However, the NDA compartmentalization issue would cause bugs. For instance, I guess the wifi microcode devs implemented hardware queuing but the intel kernel driver devs at the time didn't know this, so the driver devs just wrote their own queues in software and the users dealt with weird errors for some time because they literally couldn't ask the division that wrote the microcode how the hell it worked. I'm amazed anything with wifi works. For a time around then I just threw up my hands and used OpenBSD's reverse-engineered driver because it was more reliable and simple to understand.
I once tried to chase a bug in a wifi driver on NetBSD and soon gave up as I was just completely lost. I also remember buying a book on driver development, hoping there would be some decent info on the 802.11 stack and was mildy amused to find a breif mention at the end of a chapter describing ethernet internet saying "sorry wifi is too complicated to cover".
Since that and about half a dozen other wifi kernel issues? I've been kinda fascinated by wifi and wifi stacks in the kerbel, but it appears to be some black magic power not available to the masses
For what it's worth, a counterpoint from an ex-kernel maintainer who now does web stuff and distributed systems: kernel programming was usually easier for me than your standard full-stack web developer stuff. The API surface of a web stack is so large -- juggling things like a JS framework, CSS, nuances of HTTP sessions, web security, databases, load balancers, etc.
Most single-machine kernel bugs are going to be easier to figure out, once you learn some kernel APIs, of which there aren't so many.
> Linux kernel bugs seem to have the greatest required level of expertise to debug.
Some of it yeah. Honestly, I spent a lot of time looking at it and figured out how to fix/tweak minor crap.
Main thing I've been working on and off over the years on is CPU scheduler issues. Back when I was a high schooler my music kept skipping whenever my desktop box came under any substantial load. Turns out desktop workloads way different than what sorts of workloads most of the devs are paid to work on. The situation's improved but honestly still sucks with the stock scheduler.

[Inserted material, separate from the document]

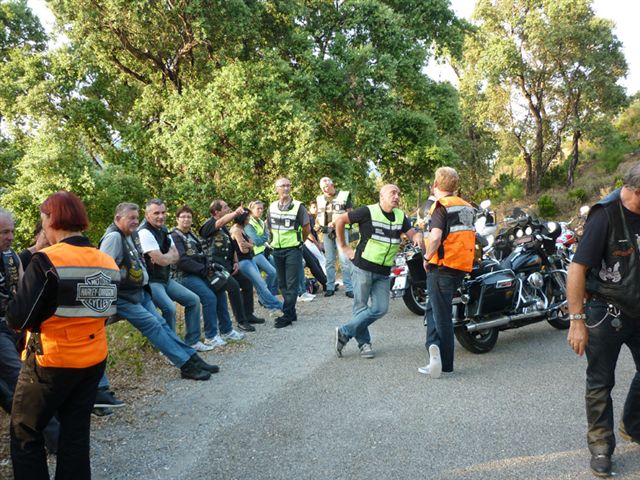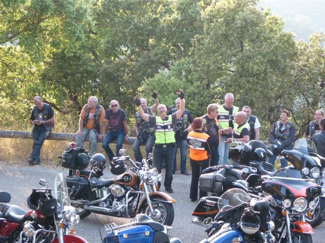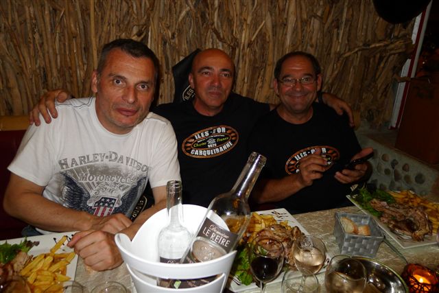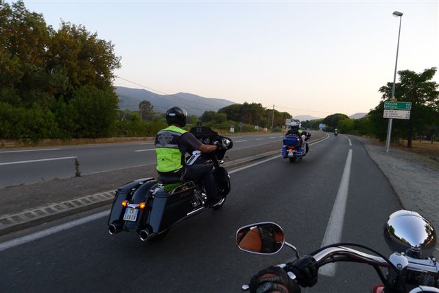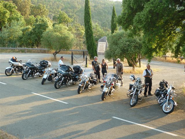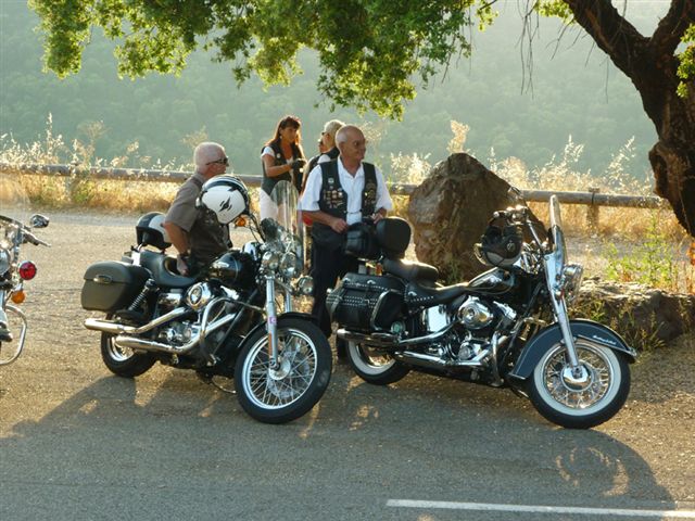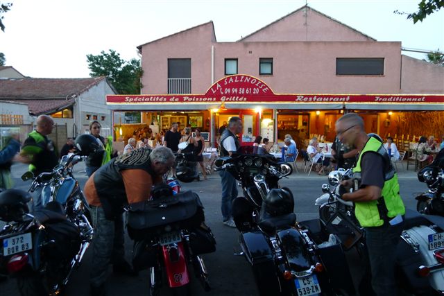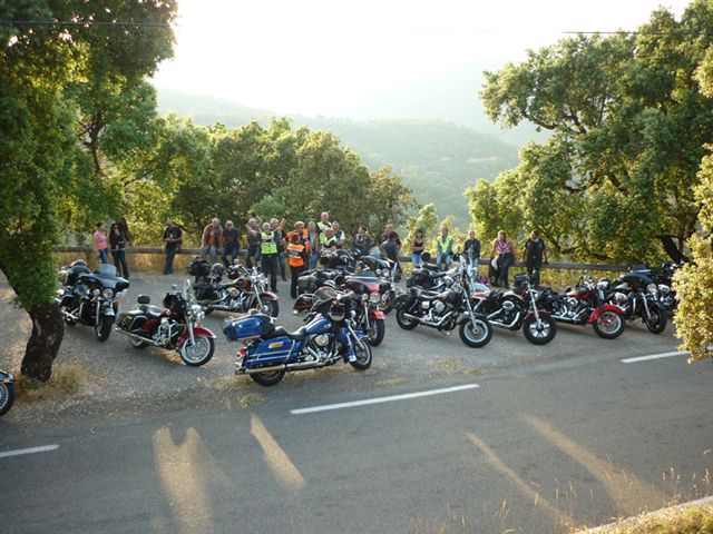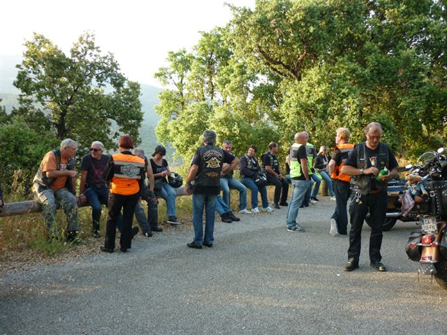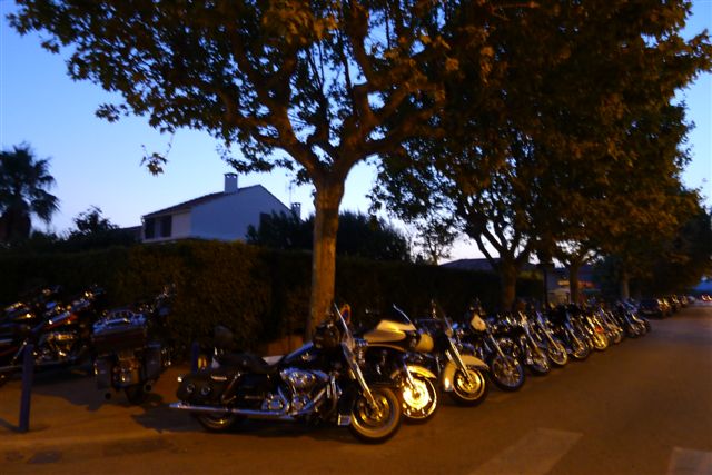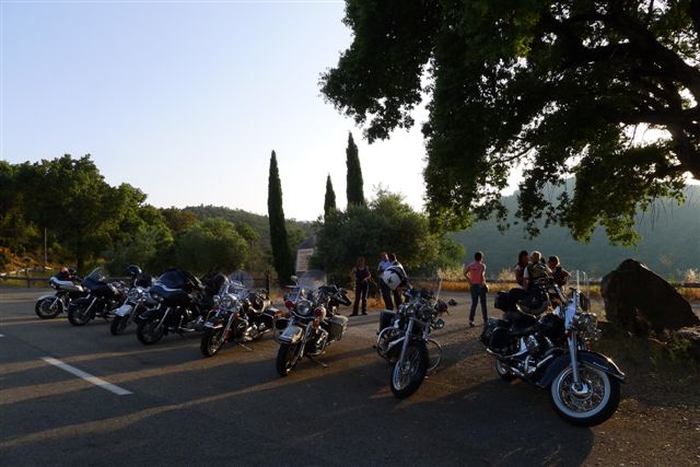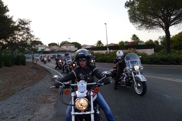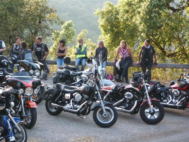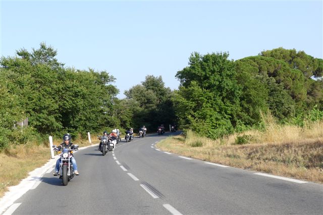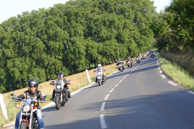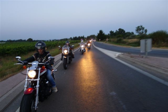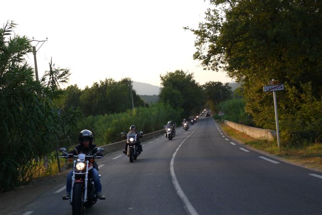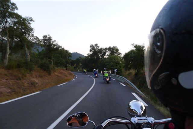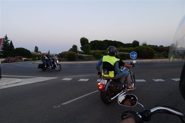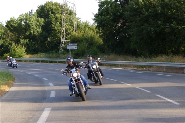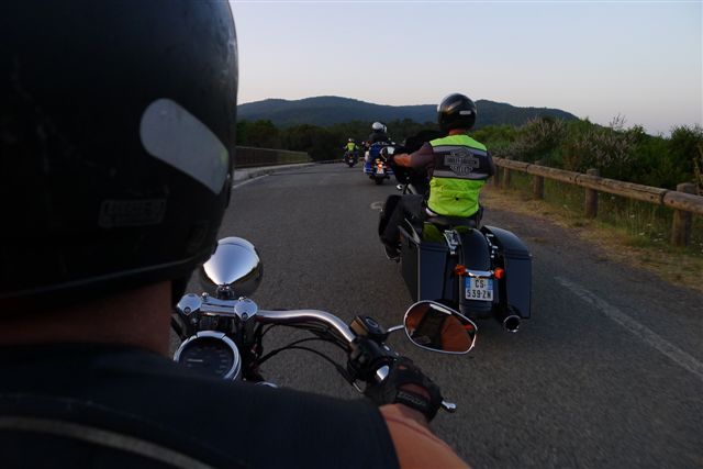 Nos petites routes, sillonnant un arrière pays que beaucoup nous envie, se prêtent merveilleusement à cet exercice. Nous laisser mener par le gros coeur de nos machines et sentir le crépuscule qui lentement mais inexorablement, referme sur nous les mystères de la nuit, c'est une émotion que seule la moto nous apporte, ici nulle carrosserie pour nous isoler de cette "sorgue" qui nous engloutit. Sans cocon, c'est le contact direct avec la nature qui mute vers les ténèbres. Nous nous sentons tout petit, le familier fait place à l'inconnu, tous nos sens sont en éveil, mais on est si bien, rassuré par la présence de ce groupe pétaradant.

>Currently, I'm facing a wifi kernel bug that keeps spitting out call traces to the system log, that I have absolutely no idea what to do with.
iwlwifi? if you're on 5.6.0 it was shipped broken. I think the fix landed in 5.6.1, so anything newer should work.
Traces are nice. At least you have some pointer where to start with.
1) You can google for the functions in the trace (to see if someone had a similar issue and it's solved already). You can add site:lkml.org to narrow it down to the linux kernel mailing list.
2) You can go to http://lxr.free-electrons.com/ and search for the functions in the trace and look around the code to see what the issue might be. The trace will have some more info about the kind of the issue (WARN, NULL pointer dereference, etc.)